Tribal officials: Indian education needs more money needs money
Condensed by Native Village

Washington D.C.: Tribal Officials told a congressional hearing that Native American students could achieve more academically if:

Their crumbling schools are fixed,
More money is provided for teachers and supplies,
Tribes gain more control of what happens in classrooms.

Dayna Brave Eagle is education director for the Oglala Sioux Tribe. He says that for a century, the federal government's Bureau of Education has failed Indian Schools. He wants the tribes to take control.

"[The BIE has] failed," he said. "It's time now for the tribes to make decision for their future."

Rep. Stephanie Herseth Sandlin, D-S.D., held the field hearing on Indian education. Tribal members testimonies will hel Congress decide what changes are needed in Indian education.

*In 2007, less than 33%of the U.S. BIE [Bureau of Indian Education] schools met yearly progress requirements.
* Only 33% of Indian students graduate from high school in South Dakota. Overall graduation rates are 75%
*Reservations have extremely high poverty rates.
The unemployment rates on some reservations is up to 85%.  
*Teen suicide and alcohol and drug abuse is rampant.
*In South Dakota, only 50% of Native students passed proficiency in reading tests. The state average is 76%.
*The BIE funds 183 schools in 23 states. 63 are now rated in poor physical condition.
*It would take *$2,000,000,000 to bring all the schools up to safety standards.

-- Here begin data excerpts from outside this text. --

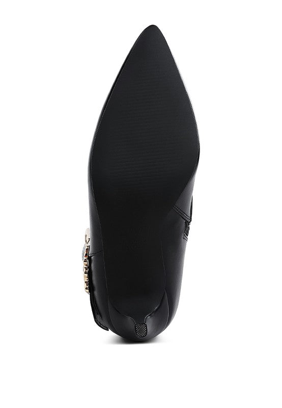 These edgy, pointed-toed boots are crafted from durable faux leather, with a bold double buckle detail, enhancing the look feel. With a sleek stiletto heel and plush cushion insole, they promise exceptional comfort and a relaxed fit, making them ready for everyday fun and adventurous weekends.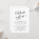 Esta es la moderna invitación de cena de ensayo de boda con Caligrafía Simple Elegante Negra (celebra con nosotros). Una tarjeta perfecta para invitar a su amada familia y a sus invitados a la celebración de la cena de ensayo de boda. Agregue los detalles de su celebración en la fuente / letra coincidente.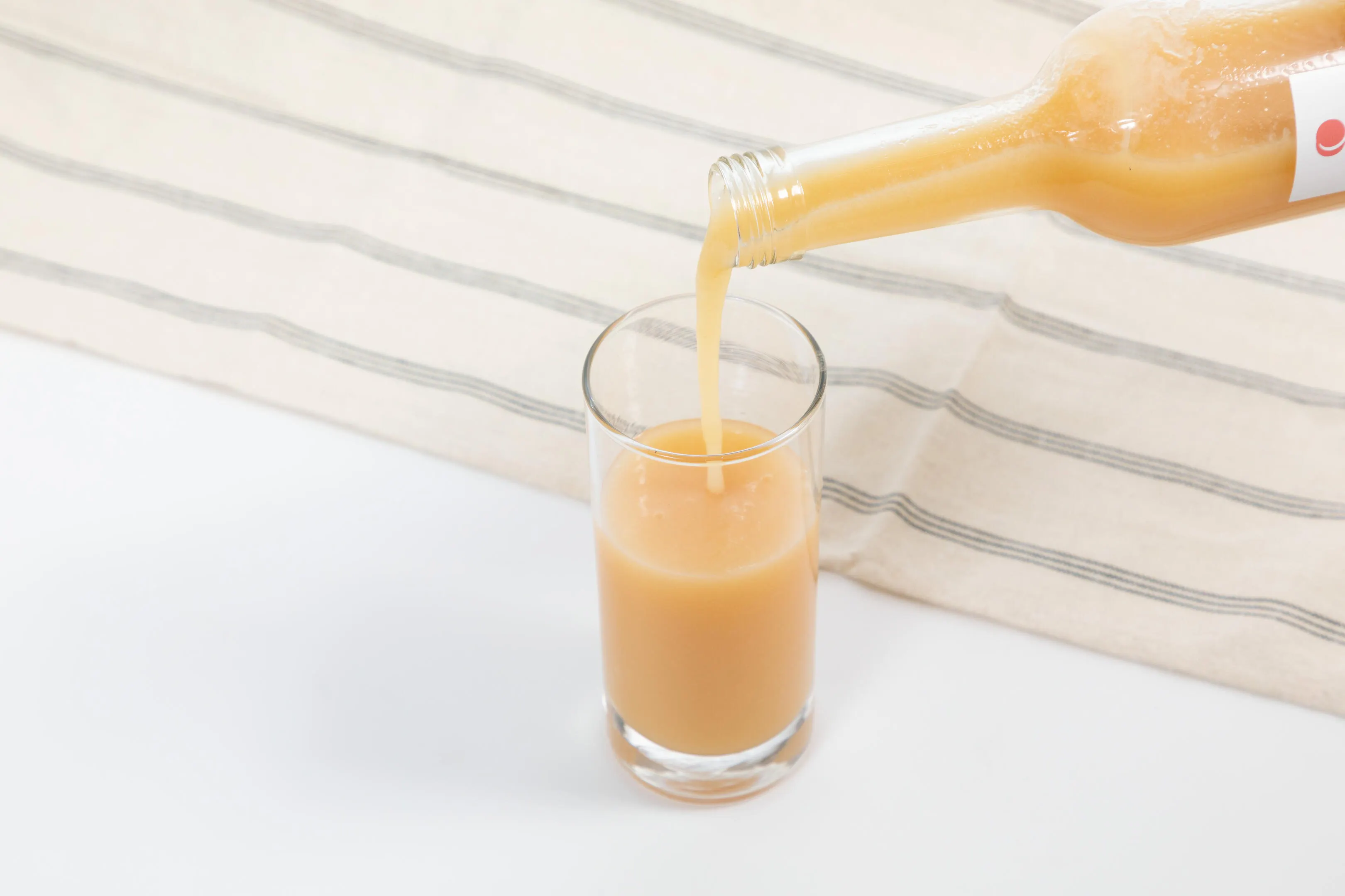 1パックにあら川の桃1.5玉を贅沢に使用し、桃そのものの味をひきだし、丁寧に裏ごししました。桃の繊維はそのままに、とろみと美味しさを残した飲み切りタイプの桃ストレートジュースです。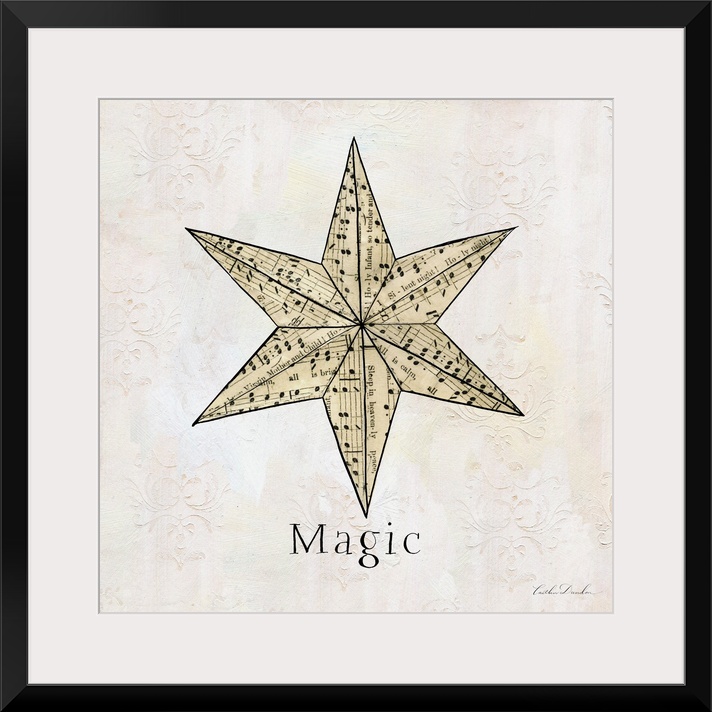 <p>"Magic" along with a star silhouette made of sheet music on a floral etched neutral background.</p>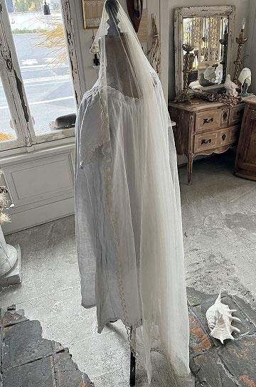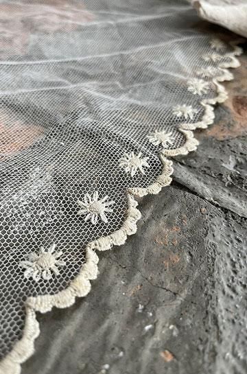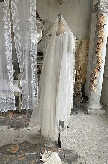 | フレンチアンティークのマリアージュベール。ふんわりと軽やかで儚げなチュールレースのウェディングベール。180度広がる扇型のチュールレース縁取りに3.5cm置きにスカラップと星模様がハンドステッチされたウエディングベール。繊細でしっとり落ち着きのあるリネン糸のアンティークレース。ふんわりと顔を覆いエクリュカラーになったニュアンスが、しっくりと品のあるマットな雰囲気のショート丈ベール。扇形の広がりのあるので、ボリューム感がアップして、より美しさを引き立てています。背丈ほどのたらりと下げたベールは、表面の方の裾に、ぐるりと1周、エクリュの刺繍が施されているので裾回りで、とろんと垂れ、波打つシルエットが美しい。年月を経過してはかなげな風合いになったアンティークチュールレース独特の、柔らかな透明感が何といっても魅力。写真映りも柔らかく優しい雰囲気なので、撮影小物としても人気です。アンティークのあるディスプレーとしてレースやブロカントと合わせたり、マリアージュサロン、クチュリエ風ディスプレーに。アイデア次第で美しく飾りたい、アンティークマリアージュベールです。 | ![]() | ||||||||||||||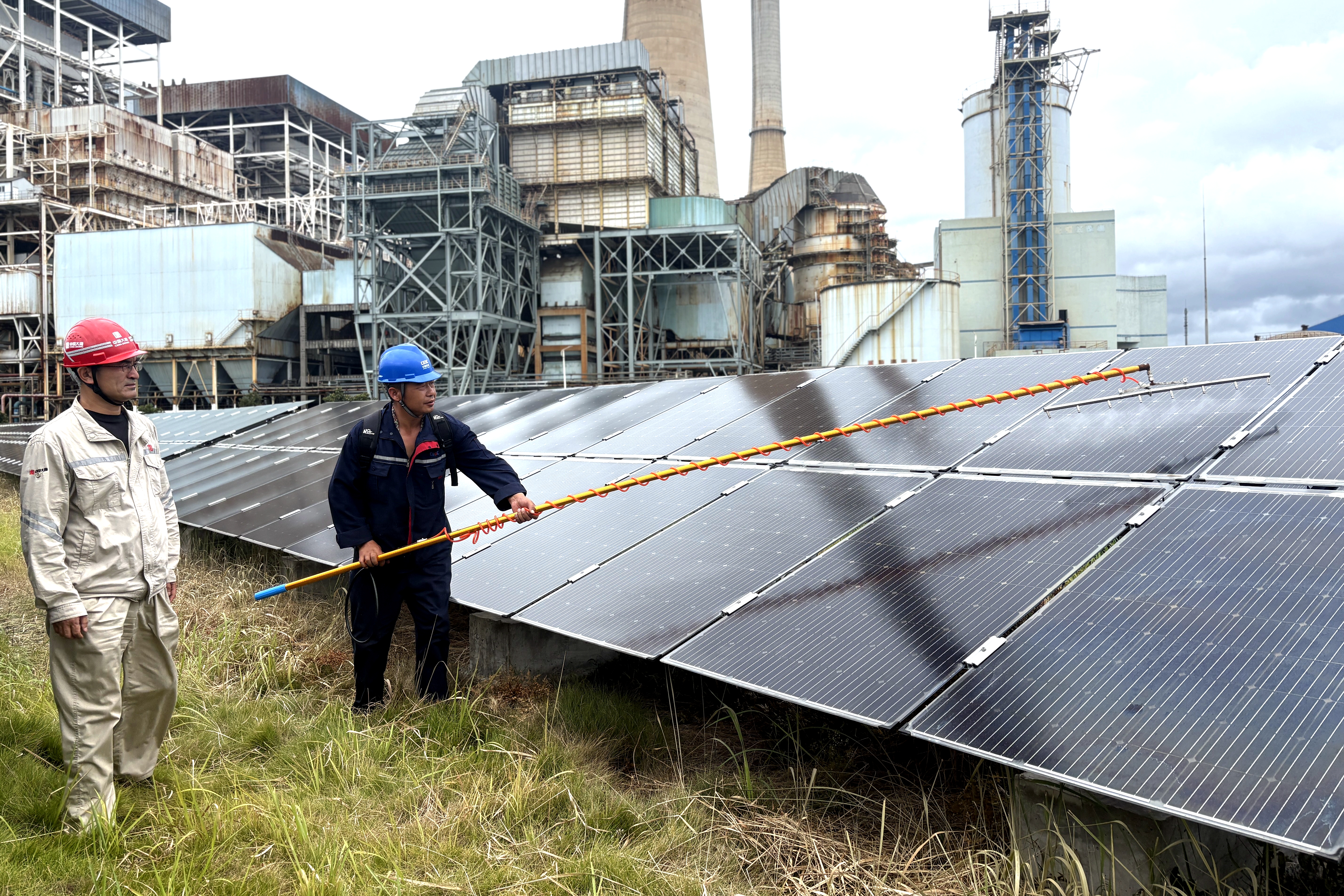 浙江新能源公司乌沙山厂区光伏电站位于火电厂生产区域二期场地,这里常年弥漫着白色蒸汽。蒸汽遇冷凝结后,会形成“石膏雨”,在光伏板表面结成水渍般的污垢。过去,该公司采用“人工+机器人”的清洁方式,往往刚清洗完毕,“石膏雨”便又随之落下,最多三天,光伏板就会和未清洗时一样。不仅如此,每次清洁时必须使用专用清洗剂,每块光伏板要清洗5遍以上,但“细心呵护”后发电效率依旧不理想。“组件清洗就是治标不治本,不加以重点防治,清洗也是徒劳。”宁波区域运维中心主任曹鲁心感慨道。

Tribal officials said more money is need to:
Recruit and keep good teachers in rural areas and replace aging textbooks
Teach more native language and culture to build students' self-esteem to reduce teen suicide.
Motivate students to learn more in traditional academic courses.

Schools for Indian students need more flexibility to meet student needs and measure progress.  "A good education is essential for the future of Indian youth." Herseth Sandlin said.

Rachel Bernie, Yankton Sioux Tribe, said poverty, poor schools. a bad economy. and other problems cause students to lose hope. Reservations must encourage more parents to value education and make sure their children go to school.

Thomas Shortbull, president of the Oglala Lakota College, said her tribal college has trained a lot of teachers and nurses, but there are no jobs on the reservation. ..

Emma Jean Blue Earth, Standing Rock Sioux,  said tribes need direct funding for schools, improved safety, school repairs, and more tribal control of schools. "There's nothing wrong with our students. It's our system that has failed our students," Blue Earth said.

Hazel Red Bird, Cheyenne River Sioux, said Indian people must take responsibility for their future.  "Ultimately, it is up to us," she said.